Assignment —
Return only the lines of the data below from the line with "LOT 42: Vintage" up to and including the line with "Για Apple Watch", exactly as written, with the pictures omitted.

Excerpted data —
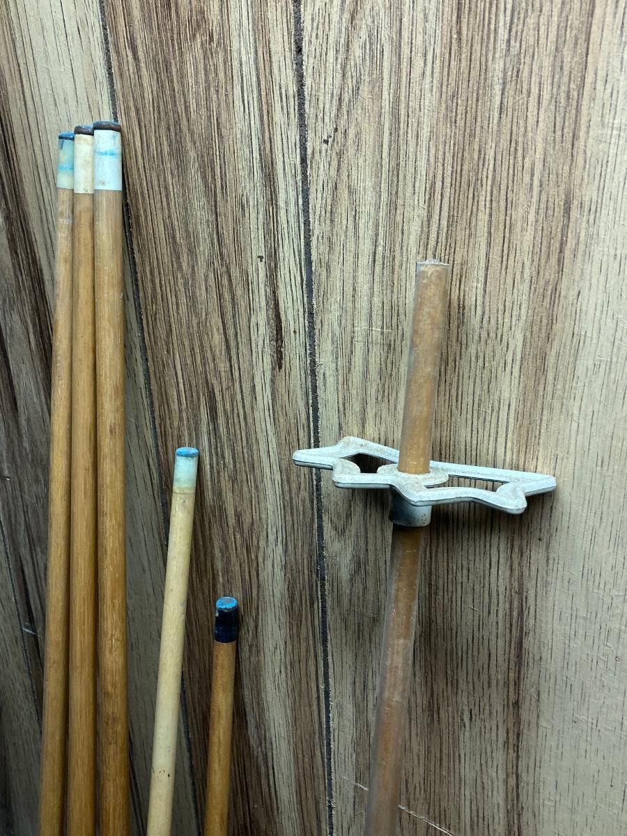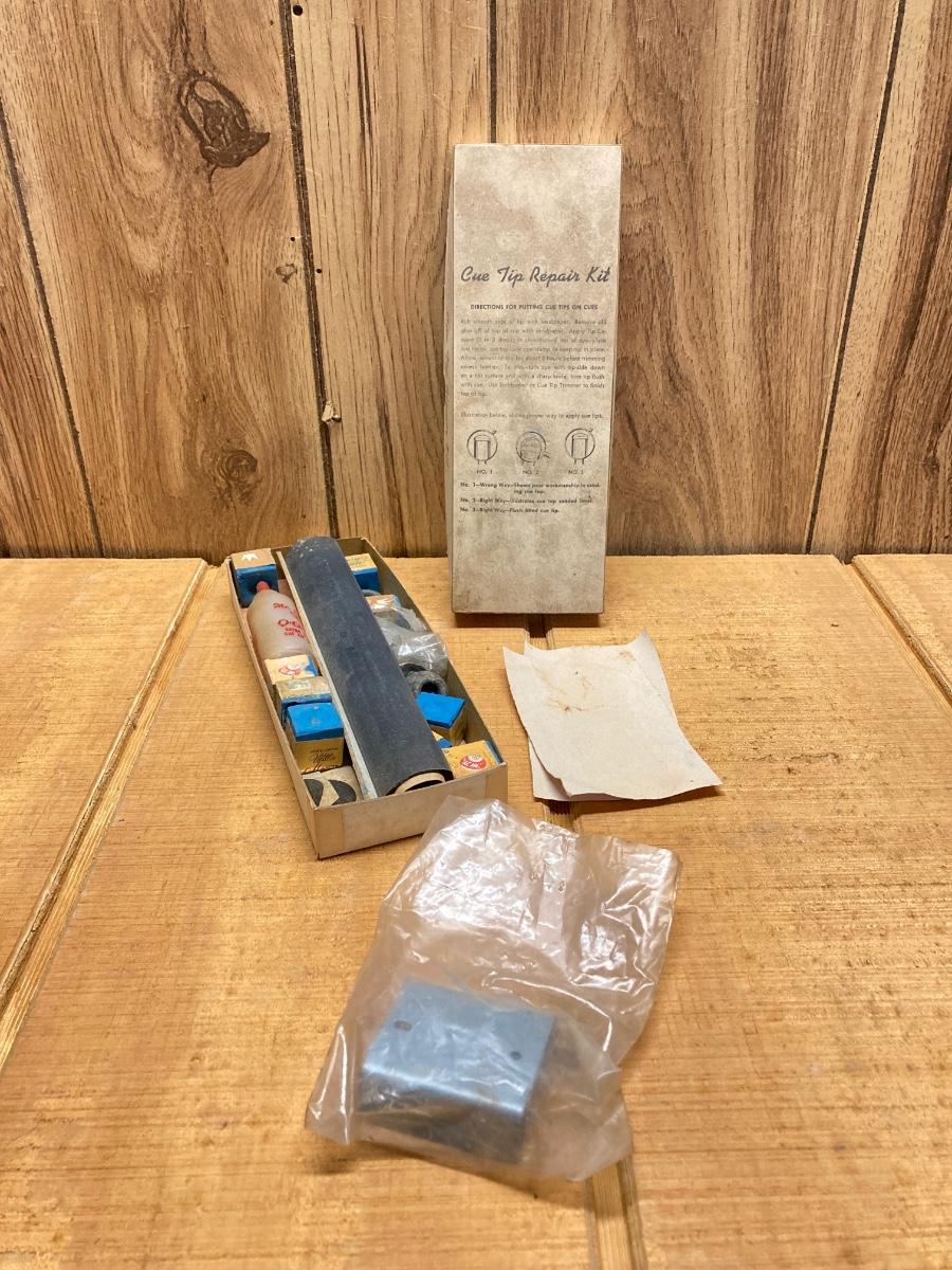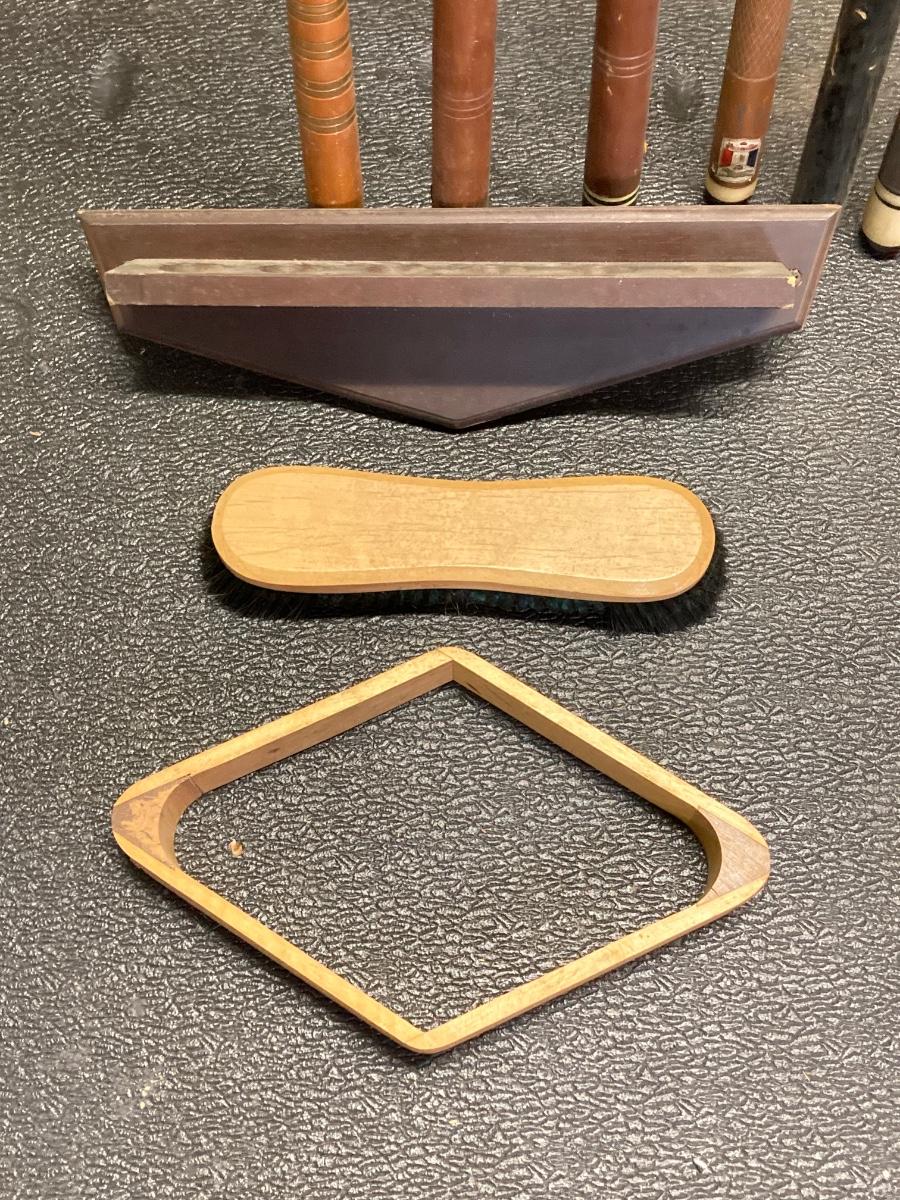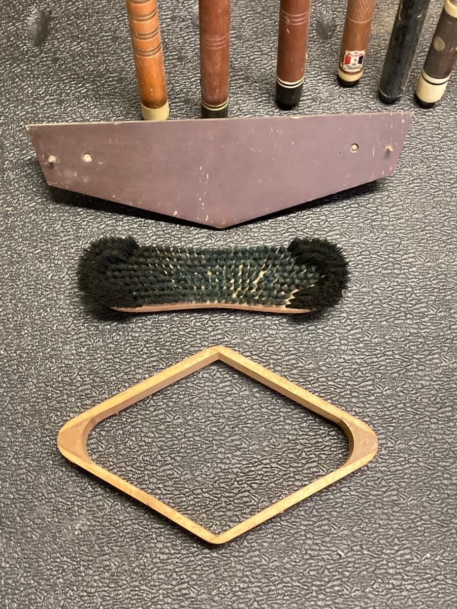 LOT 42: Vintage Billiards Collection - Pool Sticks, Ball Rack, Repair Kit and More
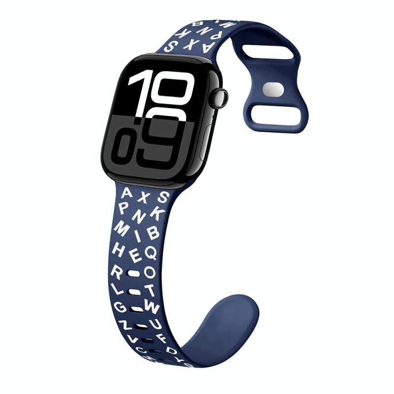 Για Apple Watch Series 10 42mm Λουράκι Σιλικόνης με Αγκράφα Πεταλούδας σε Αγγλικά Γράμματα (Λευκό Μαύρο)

---

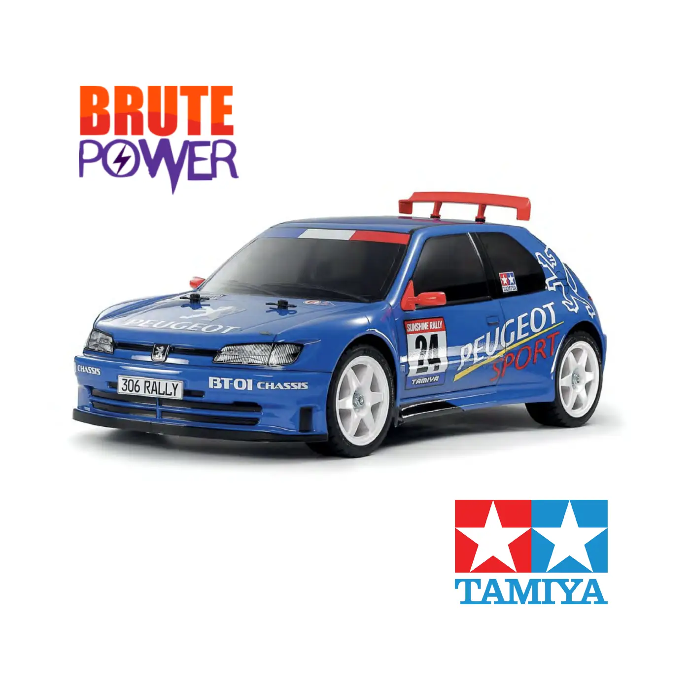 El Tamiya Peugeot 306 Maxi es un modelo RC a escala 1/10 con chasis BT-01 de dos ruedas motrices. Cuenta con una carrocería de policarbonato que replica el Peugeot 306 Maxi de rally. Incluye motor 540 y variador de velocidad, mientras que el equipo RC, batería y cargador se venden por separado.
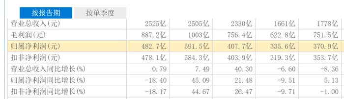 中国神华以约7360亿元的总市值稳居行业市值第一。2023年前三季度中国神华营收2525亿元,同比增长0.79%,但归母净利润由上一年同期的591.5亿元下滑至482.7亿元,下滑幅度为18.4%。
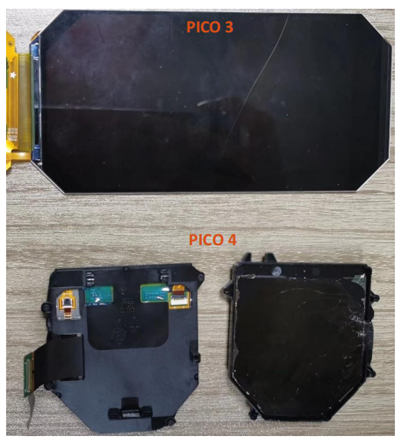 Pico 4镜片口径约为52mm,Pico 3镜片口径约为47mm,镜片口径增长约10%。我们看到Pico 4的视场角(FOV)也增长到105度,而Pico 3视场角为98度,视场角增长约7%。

Task result —
 LOT 42: Vintage Billiards Collection - Pool Sticks, Ball Rack, Repair Kit and More
 Για Apple Watch Series 10 42mm Λουράκι Σιλικόνης με Αγκράφα Πεταλούδας σε Αγγλικά Γράμματα (Λευκό Μαύρο)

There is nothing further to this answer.